İyileşir, hallolur ve en sonunda özgürlük gibi hissettirir.

51 2 1
                                    

Nefes. Almam gereken şey. İçimde başlayıp nefes verene kadar beni boğan acı. Her nefes alıp verişimde başa sarılan,kalbime bıçak saplanmış gibi hissettiren acı. Midemi bulandıran boşluk. Olduğum şeyler sadece bunlardı.
Kalbimi her seferinde bir kez daha atmaya zorlayan umut dışında. Kopmak üzere olan bir iple beni ayakta tutmaya çalışan umut. Kafamda sürekli bir şeyler söyleyen, belkilerle beni heyecanlandıran umut.

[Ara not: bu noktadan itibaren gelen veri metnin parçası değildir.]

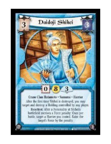 Limited: Target a Human Personality you control and discard a card: Target another player and a Crane Clan Personality in your discard pile. The other player may discard a card with equal or greater focus value. If he does not, gain 3 Honor.

Belki yaşıyordur. Belki ölmemiştir. Belki gitmedi. Gidemez.

Ama acı sürekli nefes alışımla bana gerçeği hatırlatıyor, her saniyede kalbimle yarışa gidiyordu.

O öldü.
Kendimi sıktım. Gözlerimi yumdum. Ağlamak istiyordum. Ağlamak ve belki biraz rahatlamak istiyordum ama ağlamak neyi değiştirecekti ki? Gitmişti. O an ben başında ağlarken aslında çoktan gitmişti. Ben umut etmeye çalışırken.Ama yine de gözlerimden gelen yaşlara engel olmadım. Ellerimi sıktım. Sessiz bir çığlık attım. Yastığımı alıp tüm hıncımla duvara fırlattım.

Nasıl ölürdü? Gözlerimin önünde ellerimin arasındayken nasıl giderdi? Suçluydum. Yeterince iyi değildim. Daha iyisini yapabilirdim. Daha çok kosabilirdim, daha hızlı olabilirdim.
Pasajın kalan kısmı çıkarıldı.